Dr. Cocci, che cos’è l’Ipertrofia prostatica benigna?

L’ipertrofia prostatica benigna è un fisiologico ingrandimento della prostata che colpisce gli uomini a partire dai 30 anni e non ha nessuna correlazione con il tumore alla prostata. Se la vogliamo vedere sotto un punto di vista più ampio viene considerata una malattia del benessere in quanto, adesso che l’aspettativa di vita supera i 78 anni, sempre più uomini soffrono di ipertrofia prostatica proprio perché l’ingrandimento è rientra nel normale processo di invecchiamento.

Spesso è invece la conseguenza di cattive abitudini quotidiane: avere uno stile di vita sano e corretto è fondamentale per la salute del nostro organismo.

La prostata è infatti una ghiandola estremamente sensibile all’infiammazione, condizione causata per esempio da una cattiva alimentazione, da una vita sedentaria, dal fumo: i pazienti che soffrono prostatiti, cioè infiammazioni prostatiche ripetute durante l’arco della vita, svilupperanno un’ipertrofia prostatica più precoce e più severa.

Quali sono i sintomi con i quali si manifesta l’Ipertrofia prostatica benigna?

L’ingrandimento prostatico causa sintomi di tipo urinario ostruttivo in circa l’80% dei pazienti, rendendo difficoltoso il normale passaggio dell’urina dalla vescica all’esterno del corpo.

Ci sono poi ipertrofie prostatiche che danno sintomi più importanti quali: la diminuzione del getto dell’urina; l’aumento della frequenza urinaria; la necessità di alzarsi la notte per andare in bagno; infezione frequente (cistite o prostatite) per l’impossibilità di svuotare la vescica, fino a sintomi più importanti come la disfunzione erettile o l’impossibilità di urinare con la necessità del posizionamento di un catetere vescicale.

Come viene scelta la tipologia di trattamento per portare il paziente alla guarigione?

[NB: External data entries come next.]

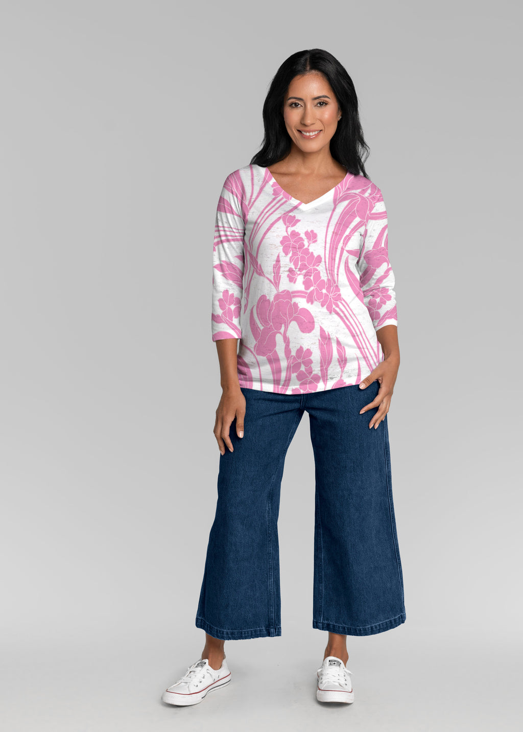 • Iris and Vine Pink (26050) ~ Signature 3/4 Sleeve V-Neck Top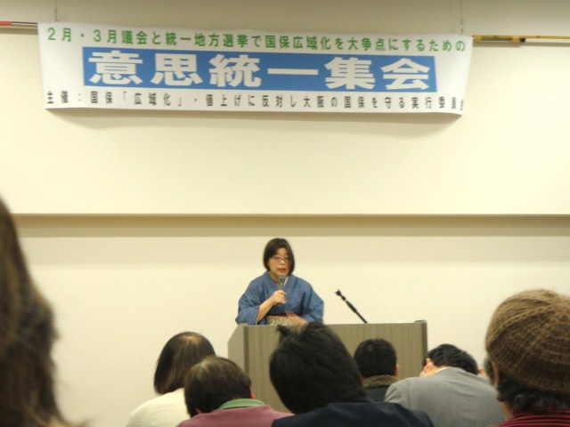 意思統一集会参加大阪府知事が、国に先駆けて行おうとしている国保の広域化ですが、只でさえ高くて払えない国保料(税)が値上げされてはたまりません。その狙いと、仕組みを知るためにも、と、保険医療協議会のMDホールへ出かけました。とはいえ、ナンバ周辺の繁華街はどうしても苦手で、山の中では迷わない自信があるけれど、JR難波駅を降りてすぐに迷ってしまいました。地上に出ても、目当てとする星や月が見つからず、以前にも来たことがあるところなので、見覚えのある建物などを目安に何とかたどり着くことができましたが、かなりのエネルギーを使いました。(それでも痩せませんが・・・。) 寺内さんの分かりやすいお話、大阪市議会議員の実践的なお話資料を手にして聞いているときには「なるほど」「これは使える」などと思うのですが、議会報告版に記載しようとすると慌てて資料を紐解くしまつです。特に数字が絡むと「もうあかん」と投げ出したくさえなります。頑張らなくては!帰り道は、JR難波駅への案内板などを頼りに駅近くまで。すると、あろうことか、若いお兄さんたち6人くらいが私に、私にですよ、道を尋ねてくるではありませんか。地図を持ってはるけれど、案の定全然分かりませんでした。ごめん! 相手を見てから聞いてね。ふと見上げると FMおおさかのタワーが見えていました。次男たちのバンド「アマノジャク」全盛の頃はここで収録をしたり、生でオンエアーされたりしていたんだなぁと、今更ながらボーカリストをひき逃げした犯人が許せなくなります。 駅ビルの地下では、鏡や球体に姿を映しながら若者たちがブレイクダンスやヒップホップダンスの練習。暫く見とれてしまいました。煙草の吸殻やゴミなども、捨てずに、きれいに使っています。さあ、電車に乗ろう!と思ってホームを探したのですが、またまたグルグル迷ってしまいました。さっき降りた駅なのですがね…。ようやくホームに着いたら、「奈良行き」のボックス席がある電車。JR難波駅は終点だから、これに乗らなくてはならないと思うのだが、奈良には行きたくない。今宮か天王寺駅で環状線に乗り換えて京橋駅を目指したい。でも、電車はこれしかない、ということで思い切って乗り込んでから、車内の駅名表を見ると、天王寺を通ることが分かり、一安心。ホームにも書いてあったかもしれないけれど、見渡した限りでは分かりませんでした。せめて駅員さんがいれば、助かるのになぁ…。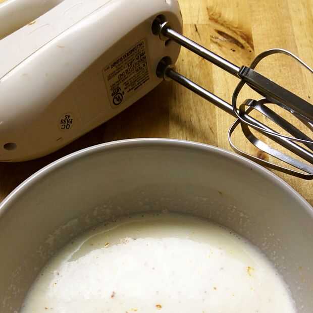 Ahora encienda su batidor y batir bien. Continuar hasta que formen picos tal como se muestra en la foto. Dejar de lado o poner en el refrigerador para más tarde.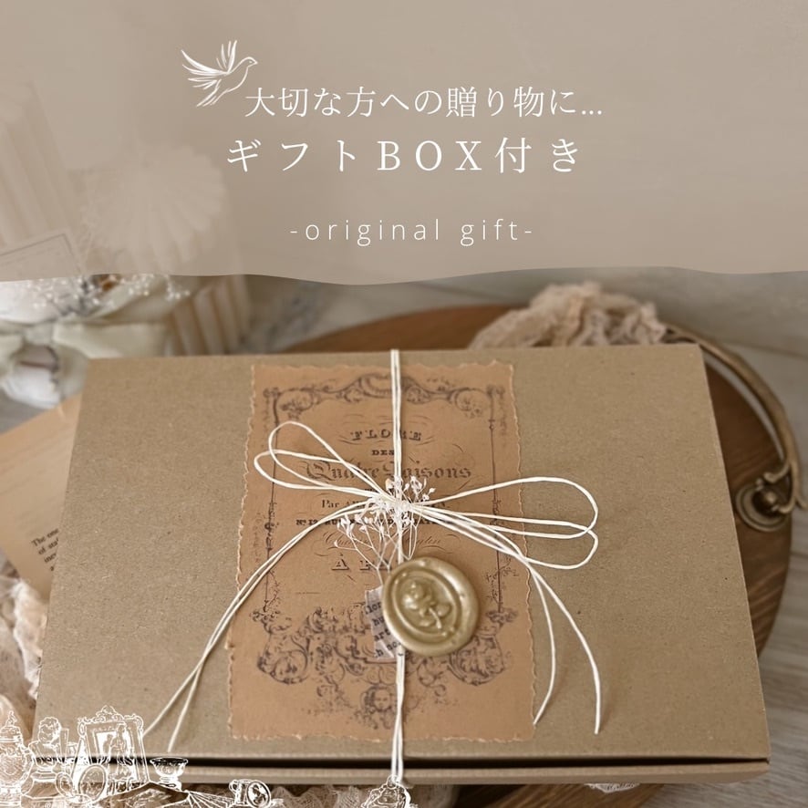 リボンはシルクを使用し、ラッピングはドライフラワーの霞草と、フランスで購入したシーリングスタンプを使用し、アンティーク調に仕上げました。

La maggior parte dei pazienti è costretta ad assumere farmaci per guarire dall’ipertrofia prostatica benigna; molti altri sono costretti a ricorrere a delle terapie chirurgiche. Ogni trattamento scelto è comunque secondario ad una diagnosi ed il paziente dovrà essere prima inquadrato con tutta una serie di esami: più i sintomi sono importanti, più ci si sposterà su terapie maggiormente aggressive.

Per ogni paziente esiste la metodica giusta ed è estremamente utile che in un’unica clinica siano disponibili tutte le terapie e metodiche, in modo che l’urologo ed il chirurgo possano scegliere il percorso più adatto a trattare ogni singola prostata: una vera e propria tailor made therapy, una terapia sartoriale scelta in base ai sintomi e alla situazione medica del paziente.

Come viene trattata, in prima istanza, l’Ipertrofia prostatica benigna?

L’ipertrofia prostatica, come tutte le alte malattie, si approccia in una prima istanza a livello farmacologico. I farmaci disponibili sono di tre famiglie e dipendono chiaramente dal grado di severità della malattia. Si parte con i fitofarmaci, cioè farmaci di totale estrazione naturale che hanno un’azione antinfiammatoria molto blanda e che possono essere applicarti a pazienti con sintomi estremamente leggeri in particolare nella giovane età. Seguono i farmaci alfalitici, che vanno direttamente ad allentare la costrizione data dall’ingrossamento della prostata. Sono dei farmaci estremamente efficaci ma poco graditi dal paziente in quanto hanno lo spiacevole effetto collaterale di bloccare l’espulsione dello sperma durante l’orgasmo e questo è un qualcosa che molti uomini non gradiscono a prescindere dal miglioramento della condizione urinaria.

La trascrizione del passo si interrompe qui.